What is the immediate impact of renewable energy?

Few people would argue that if we want to fight global warming and achieve energy independence, we need to move away from fossil fuels and toward renewable energy. But critics suggest that we won't see the positive impact of switching to renewable energy until the distant future. Are they right? Let's take a look at how the economy would be affected in the short-term by a switch to renewable energy.

Renewable Energy and the Economy

In 2003, Federal Reserve Board Chairman Alan Greenspan said that natural gas costs were a threat to the economy's future. States and the federal government are making moves toward renewable energy — moves that will have an immediate impact on the economy. For example, in an attempt to halt soaring gas prices, the Colorado Public Utility Commission now requires that wind plants be one of the sources of energy generation for the state.

For consumers, renewable energy means saving money, since renewable energy production is often more efficient. For example, biogas electricity plants that harness energy from, of all things, compost and waste, can produce about 30 percent more biogas in about a third of the time that it takes electric plants to produce energy. According to the American Wind Energy Association, in four years, enough wind plants could be built to eliminate the gas shortage of 3 to 4 billion cubic feet of gas per day, according to the American Wind Energy Association.

Switching to renewable energy sources could provide a needed kick for the economy. For instance, the Pittsburgh Post-Gazette reported on a 2007 study from the University of Tennessee, which found that moving toward sources of renewable energy could increase net farm income by $460 million and create approximately 44,000 new jobs in the state of Pennsylvania alone.

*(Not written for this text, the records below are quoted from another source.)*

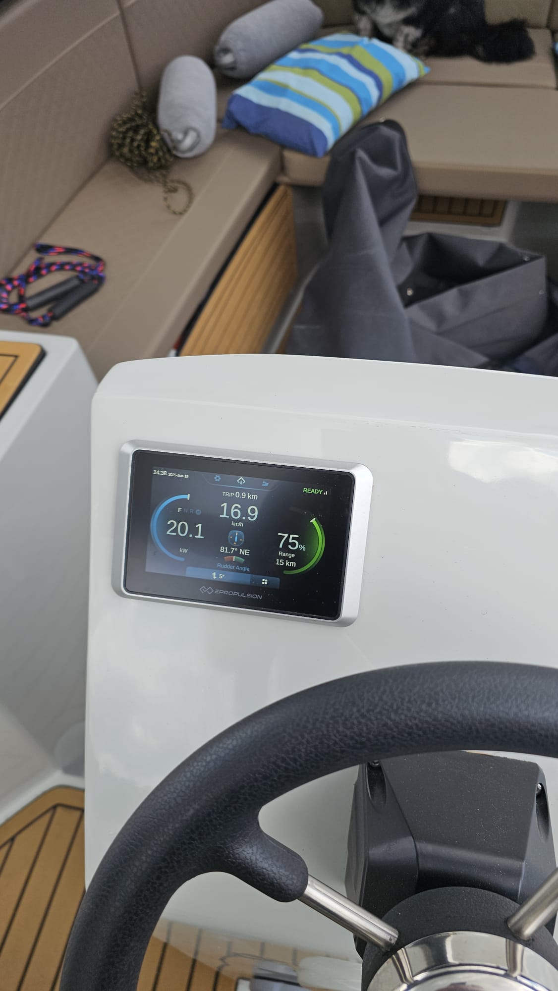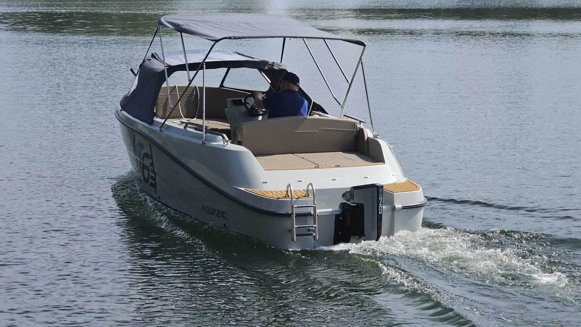 This 2024 AQUA 615 is an electric Motorboat from FEMIS, powered by a 20 kW ePropulsion motor and a 20 kWh battery pack, offering a quiet and eco-friendly boating experience.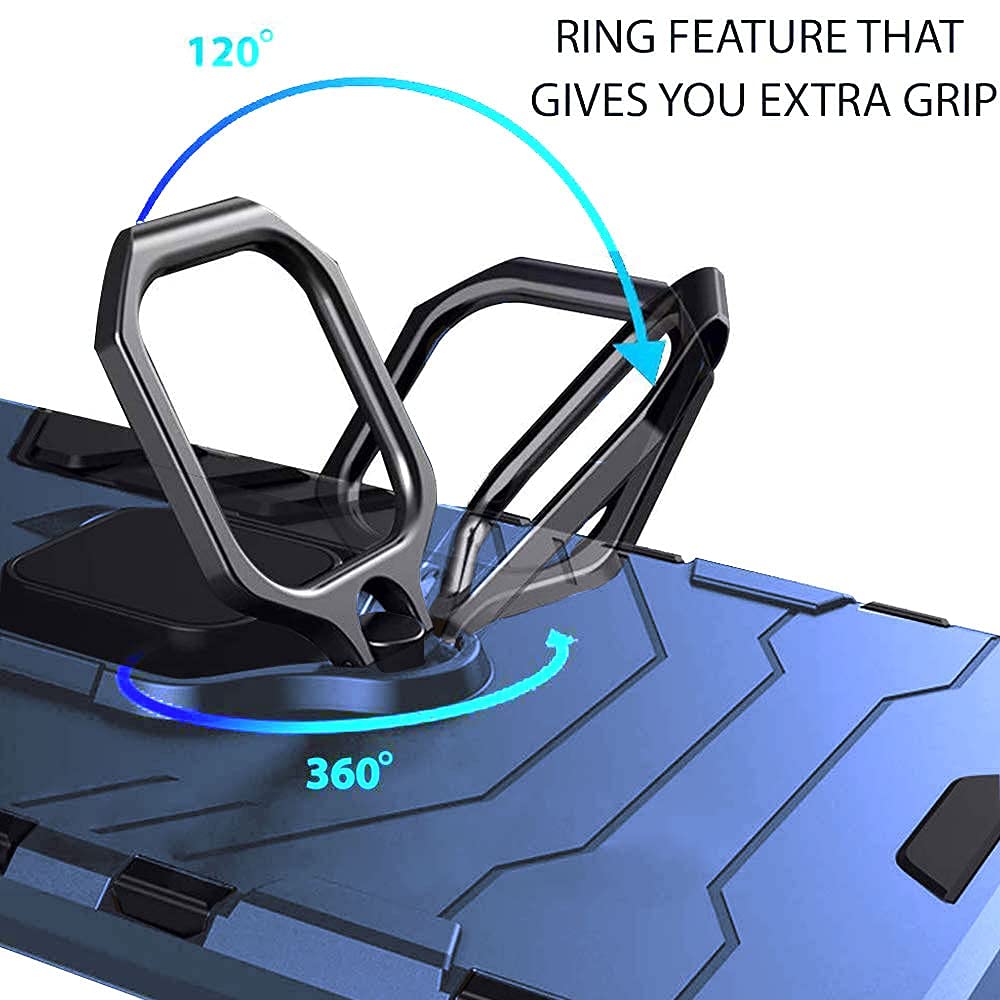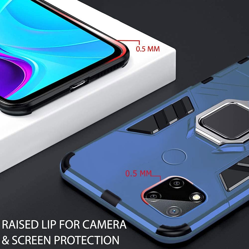Shock Proof Back Case Mobile Cover for Xiaomi Mi Redmi 9 | Redmi 9 Activ | Poco C31 (Armor | Hybrid PC + TPU | Full Protection with Ring Holder Kickstand | Carbon Blue)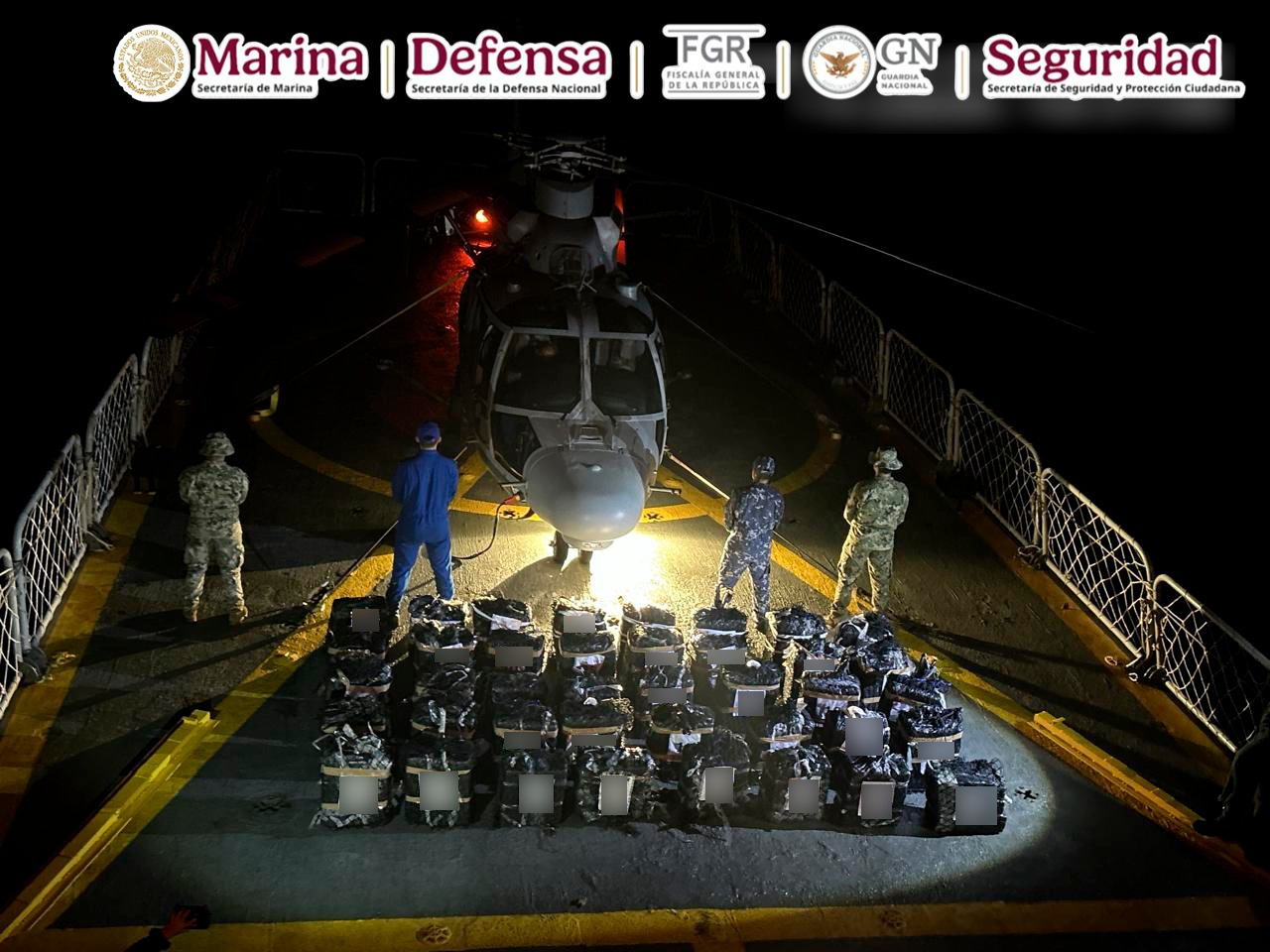 Esta acción se llevó a cabo durante recorridos de patrullaje de vigilancia marítima y aérea para el mantenimiento del Estado de derecho en la mar, en la que participaron embarcaciones y unidades aéreas de la Armada de México, con lo que se avistó una carga y se aseguraron 47 bultos con un peso de 1,354 kilogramos de presunta cocaína; en seguimiento a esta operación, se localizó una carga adicional de 40 bultos con un peso de 1,196 kilogramos de cocaína.

While environmentalists have advocated for renewable energy for years, corporations and government officials are now jumping on the bandwagon because they believe the shift makes good business sense. For example, General Electric, leading supplier of wind energy in the United States, launched a grassroots "Capture the Wind" tour during which its representatives showed off a 131-foot wind turbine in nine states to promote renewable energy. Campaigns like this are aimed at spreading awareness about the potential for renewable energy. But many countries throughout the world have already made the switch, and, as a result, have seen the immediate impact that renewable energy can have. For example, by 2050, Germany could be using 100 percent renewable energy. As a result, the country will save billions in importing energy.